- Origin: Dublin, Ireland
- Genres: Ska-punk
- Years active: 2006–March 2010

= The Upgrades =

The Upgrades were a third wave ska band from Dublin, Ireland. Goldenplec.com named them as their "band of the week"" during March 2009 and hailed them as
Probably the best known unknown band in Dublin.
In 2006 they opened the Irish date of the International "Taste of Chaos Tour", sharing the stage with well-known bands such as Taking Back Sunday, Alexisonfire and Anti-Flag. They announced their split-up on March 26, 2010 on their Myspace blog.
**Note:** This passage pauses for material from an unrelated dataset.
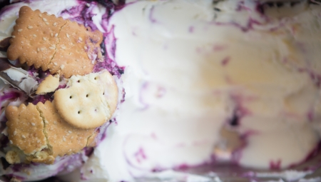 Blueberry cheese cake already eaten left some stain on beautiful luxury ceramic dish with brass fork on wood table

They played two farewell shows in April in Dublin one on the 4th with American punk rockers The Lawrence Arms and another on the 8th with Dublin Pop-Punk band Jody Has A Hitlist.

==Album==
The Upgrades debut 12-track album, Take A Risk, was released in 2009 on May 4. The band played in Dublin venue The Academy to support the launch of the album.

Track listing

1. The Thing Is
2. Rock’n’Fuck’n’Roll
3. Square One
4. You Should Know
5. Nothing
6. Angel Of Horror
7. Bukkake (no regrets)
8. Wrong About Me
9. Better Way
10. Somethin, I Dunno...
11. Friends & Idiots
12. This Is Us

==Exposure==
As well as playing alongside the likes of Taking Back Sunday and Anti-Flag the band were also selected to open the main stage at Europe’s biggest ska-punk festival - Mighty Sounds 2008 in Prague. They also performed at one of Ireland's biggest music festivals, Electric Picnic.